Von Oliver Schlicht und Mathias Müller 01.02.2011, 04:35

Ein Dorf unter Schock. Auch zwei Tage nach dem Zugunglück gibt es in Hordorf nur ein Thema: Das tragische Zugunglück, das in der Nacht zum Sonntag zehn Menschen das Leben nahm. Viele sind zu Recht stolz auf die geleistete Hilfe. Andere berichten mit Tränen in den Augen von den leblosen Körpern, die am Bahndamm lagen.

Hordorf. Nur noch zwei Haufen Trümmer auf dem Feld neben dem Bahngleis erinnern an das schreckliche Ereignis. Zerborstene Scheibenteile, verdrehte Bolzen aus armdickem Stahl. Auf dem Boden liegen Gummihandschuhe von Sanitätern, in den Büschen wehen Reste von Fahrplan-Heftchen. Doch auch das wird bald aufgelesen sein.

Zwei Tage nach dem Unglück sind die Aufräumarbeiten am Ortsrand von Hordorf fast beendet. Die Aufräumarbeiten in den Köpfen der Menschen werden mehr Zeit brauchen. "Zehn Sekunden", sagt ein leitender Bahnangestellter mit orangefarbener Arbeitsweste und blickt in Richtung Bahnhof. "Wäre der Personenzug nur zehn Sekunden eher gekommen, hätte er die Weiche dort hinten erreicht." An der Weiche wird die Streckenführung zweigleisig. 300 Meter sind es vom Unglücksort bis zu Weiche. Zehn Sekunden Fahrt. Zehn Sekunden, die zehn Menschen aus dem Leben rissen.

Leid und Not erlebt

In der Stube von Familie Breutigam tickt die alte Wanduhr. Wolfgang, 67 Jahre, war 60 Jahre bei der Feuerwehr Hordorf. Dort hat er in Einsätzen einiges an Leid und Not erlebt. Doch bei der Erinnerung an die Nacht des Bahnunglücks wird er von seinen Gefühlen überwältigt. Mit dem Taschentuch reibt sich der alte Herr die Tränen aus den Augen. "Ich bin wegen der Sirene auch sofort hin. Doch dann habe ich die ganzen Toten auf den Gleisen liegen sehen. Ich habe mich sofort umgedreht und bin nach Hause zurück." Er habe schon zu viele Bilder im Kopf, die er nicht mehr loswird. Er kann das nicht mehr, sagt er.

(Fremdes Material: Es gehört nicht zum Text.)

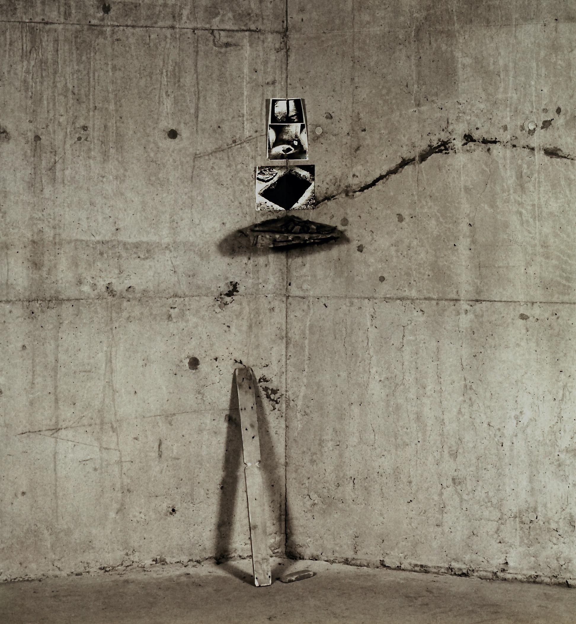 Mnêmê, 1985. Ossements, pierres, bois, photocopies N/B.
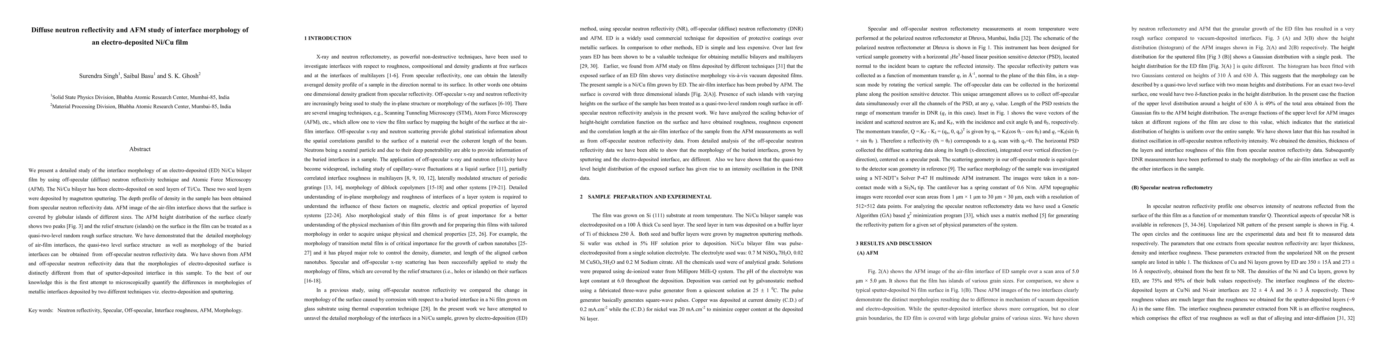 This study uses diffuse neutron reflectivity and AFM to analyze the interface morphology of an electro-deposited Ni/Cu bilayer film on Ti/Cu seed layers. The AFM reveals a quasi-two-level random rough surface structure, while neutron reflectivity data provides insights into the buried interfaces, showing distinct morphologies between electro-deposited and sputter-deposited layers.
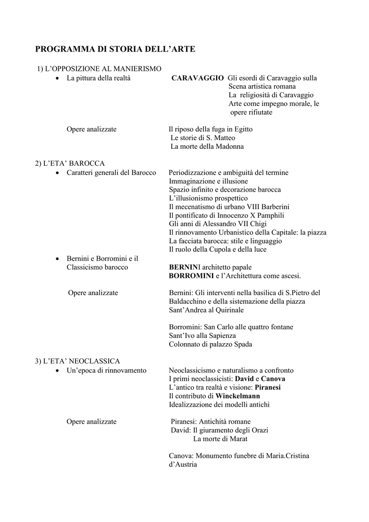 PROGRAMMA DI STORIA DELL’ARTE 1) L’OPPOSIZIONE AL MANIERISMO • La pittura della realtà Opere analizzate 2) L’ETA’ BAROCCA • Caratteri generali del Barocco • Bernini e Borromini e il Classicismo barocco Opere analizzate CARAVAGGIO Gli esordi di Caravaggio sulla Scena artistica romana La religiosità di Caravaggio Arte come impegno morale, le opere rifiutate Il riposo della fuga in Egitto Le storie di S. Matteo La morte della Madonna Periodizzazione e ambiguità del termine Immaginazione e illusione Spazio infinito e decorazione barocca L’illusionismo prospettico Il mecenatismo di urbano VIII Barberini Il pontificato di Innocenzo X Pamphili Gli anni di Alessandro VII Chigi Il rinnovamento Urbanistico della Capitale: la piazza La facciata barocca: stile e linguaggio Il ruolo della Cupola e della luce BERNINI architetto papale BORROMINI e l’Architettura come ascesi. Bernini: Gli interventi nella basilica di S.Pietro del Baldacchino e della sistemazione della piazza Sant’Andrea al Quirinale Borromini: San Carlo alle quattro fontane Sant’Ivo alla Sapienza Colonnato di palazzo Spada 3) L’ETA’ NEOCLASSICA • Un’epoca di rinnovamento Opere analizzate Neoclassicismo e naturalismo a confronto I primi neoclassicisti: David e Canova L’antico tra realtà e visione: Piranesi Il contributo di Winckelmann Idealizzazione dei modelli antichi Piranesi: Antichità romane David: Il giuramento degli Orazi La morte di Marat Canova: Monumento funebre di Maria.Cristina d’Austria 4) IL ROMANTICISMO • Il mestiere dell’Artista Il romanticismo: difficoltà di definizione Linea e colore in pittura Romanticismo e individualità Ideali romantici e istanze nazionali Una molteplicità di contenuti ed espressioni L’antiaccademismo. Il Pittoresco e il Sublime “Irregolare” contro “Finito Nuovi criteri estetici Il Sublime: la “risonanza di un animo grande” Dall’oggetto al soggetto Classicismo e verità L’osservazione della natura Neomediovalismo in Architettura La riscoperta delle cattedrali Opere analizzate Friedrich: Il monaco in riva al mare Turner: L’incendio della Camera dei Lords Constable: Il mulino di Flatford Gericault: La zattera della Medusa Delacroix: La libertà che guida il popolo La critica della città industriale 5) REALISMO E IMPRESSIONISMO • Verso un moderno sistema dell’Arte Un nuovo assetto politico, economico e sociale Urbanistica e Architettura alle prese con la modernità Le tendenze artistiche Pittura e fotografia Accademie e successione I Preraffaelliti Macchiaioli e impressionisti La rappresentazione del vero Tra Realismo e Impressionismo La pittura en plen air: Monet Il primato dell’occhio Rappresentare la vita moderna:Manet e Renoir Memoria e ragione: Cezanne Dall’Eclettismo al Razionalismo Costruttivo in Architettura La diffusione del gusto Gli esiti delle mescolanze eclettiche Le interpretazioni storiografiche Le stazioni ferroviarie, luogo emblematico dell’innovazione urbana La bellezza della razionalità costruttiva Opere analizzate Manet: La colazione sull’erba Olimpia Monet: La Cattedrale di Ruen 6) POSTIMPRESSIONISMO E AVANGUARDIE STORICHE • Artisti e mercato negli anni del postimpressionismo La crisi della scuola La formazione privata degli artisti Nuovi Salon Il superamento dell’Impressionismo Il Puntinismo Gauguin e van Gogh I Simbolisti La diffusione del Simbolismo Spunti di Novità I divisionisti alla triennale del 1891 Il novecento delle avanguardie Opere analizzate L’Espressionismo tedesco Die Brucke L’Espressionismo e la nascita delle avanguardie Matrici romantiche dell’avanguardia I Fauves La Brucke Il Cubismo: una nuova concezione dello spazio Figurativo Le fasi del Cubismo L’Avanguardia futurista La diffusione del Futurismo Il Cavaliere Azzurro: dall’Espressioismo all’Astrattismo Gli sviluppi del Cubismo G.G. Eiffel: La torre Eiffel G. Moreau: L’apparizione P.Gauguin: L’orana Maria V. van Gogh: La camera da letto P. Cezanne: La casa dell’impiccato E. Munch: Il Grido H. Matisse: La gioia di vivere La danza E.L. Kirchner: Scena di strada berlinese P. Ricasso: Les deimoiselles d’Avignon Bicchiere, chitarra e bottiglia V. Boccioni: La città che sale Forme uniche della continuità dello spazio

Wolfgangs Sohn, Ralph Breutigam, war als Mitglied der Hordorfer Feuerwehr einer der ersten professionellen Retter am Unglücksort. 22 Feuerwehrkameraden aus Hordorf waren insgesamt beteiligt. Wie nah ging ihm der Einsatz? Ralph Breutigam überlegt nur kurz: "Ich habe da kein Problem mit, weil ich zu den Toten keine persönliche Beziehung habe." Schlimm seien Einsätze, bei denen die Körper der Verunglückten zerteilt wurden. Dies war in Hordorf nicht der Fall. Auch sei beim Eintreffen vor Ort schnell klar gewesen, dass die im Freien liegenden Personen das Unglück nicht überlebt hatten. "So konnten wir uns auch mental sofort auf die Gruppe im hinteren Wagen konzentrieren. Dort riefen die Menschen um Hilfe." Nur ein Passagier war in diesem Wagen ums Leben gekommen. Es gab unter den Fahrgästen auch nur ein Kind – das zehnjährige Mädchen überlebte das Unglück.

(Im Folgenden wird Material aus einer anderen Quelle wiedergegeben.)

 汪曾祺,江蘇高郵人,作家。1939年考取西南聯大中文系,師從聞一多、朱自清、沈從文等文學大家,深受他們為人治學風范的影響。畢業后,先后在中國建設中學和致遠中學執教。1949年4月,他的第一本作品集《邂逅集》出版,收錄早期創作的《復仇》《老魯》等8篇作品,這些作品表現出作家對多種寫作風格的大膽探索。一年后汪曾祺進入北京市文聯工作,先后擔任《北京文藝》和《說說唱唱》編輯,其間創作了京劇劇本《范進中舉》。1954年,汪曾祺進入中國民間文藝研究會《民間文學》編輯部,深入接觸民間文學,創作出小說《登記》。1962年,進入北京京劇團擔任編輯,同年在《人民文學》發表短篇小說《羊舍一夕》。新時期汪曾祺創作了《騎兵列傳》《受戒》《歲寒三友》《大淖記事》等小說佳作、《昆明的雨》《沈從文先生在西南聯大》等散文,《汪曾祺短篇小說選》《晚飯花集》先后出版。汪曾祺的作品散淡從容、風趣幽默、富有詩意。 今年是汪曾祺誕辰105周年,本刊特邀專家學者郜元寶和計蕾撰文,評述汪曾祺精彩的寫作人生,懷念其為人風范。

Die Hordorfer Feuerwehrleute hatten zu Beginn des Einsatzes an eine Übung geglaubt. Eine Übung am Sonnabendabend? Ralph Breutigam feierte mit Frau, Kindern und Freunden im Partykeller seines Hauses. "Wir haben Dart gespielt." Sein Bruder Dirk, ebenfalls Feuerwehrmann, war mit drei anderen Kameraden der Hordorfer Wehr im benachbarten Hornhausen bei einem "Spezialeinsatz" – sie tanzten einen lustigen Hütetanz auf einer Weiberfastnachtfeier. Und dann eine Übung? Ralph Breutigam: "Als wir am Bahnhof eintrafen, wussten wir sofort, dass es keine Übung ist."

Die Überlebenden im Wagen hatten Angst. Der Grund: Hunderte Liter Diesel-Kraftstoff waren ausgelaufen. Am Motorblock des Triebwagens brannte es. Bestand Explosionsgefahr? Breutigam: "Nein, das kann man nicht sagen. Diesel-Kraftstoff entzündet sich nicht so ohne weiteres. Aber die Angst der Menschen war nachvollziehbar." Etwa 30 Personen befanden sich in dem umgedreht auf dem Feld liegenden Wagen. Sofort wurden durch eingeschlagene Scheiben Leitern in den Wagen gestellt. "Nach zehn Minuten waren alle raus, die klettern konnten. Nach zehn weiteren Minuten hatten wir mit Liegen auch die anderen Überlebenden geborgen", erinnert sich Breutigam. Nach 22 Jahren, so der junge Mann, war dies nach vielen Verkehrsunfällen, nach unzähligen Bränden sein schlimmster Einsatz.

Lichtblitz am Bahnhof

Umso erstaunlicher ist es, dass die ersten Retter vor Ort keine ausgebildeten Sanitäter oder Feuerwehrleute waren, sondern normale Anwohner. Noch vor der Feuerwehr war Heiko Reese am Unglücksort. Der 40-Jährige wohnt etwa 300 Meter Luftlinie vom Bahnhof entfernt. "Meine Frau sah auf dem Heimweg dort einen hellen Lichtblitz", erzählt er. Und sie spürten beide eine starke Erschütterung.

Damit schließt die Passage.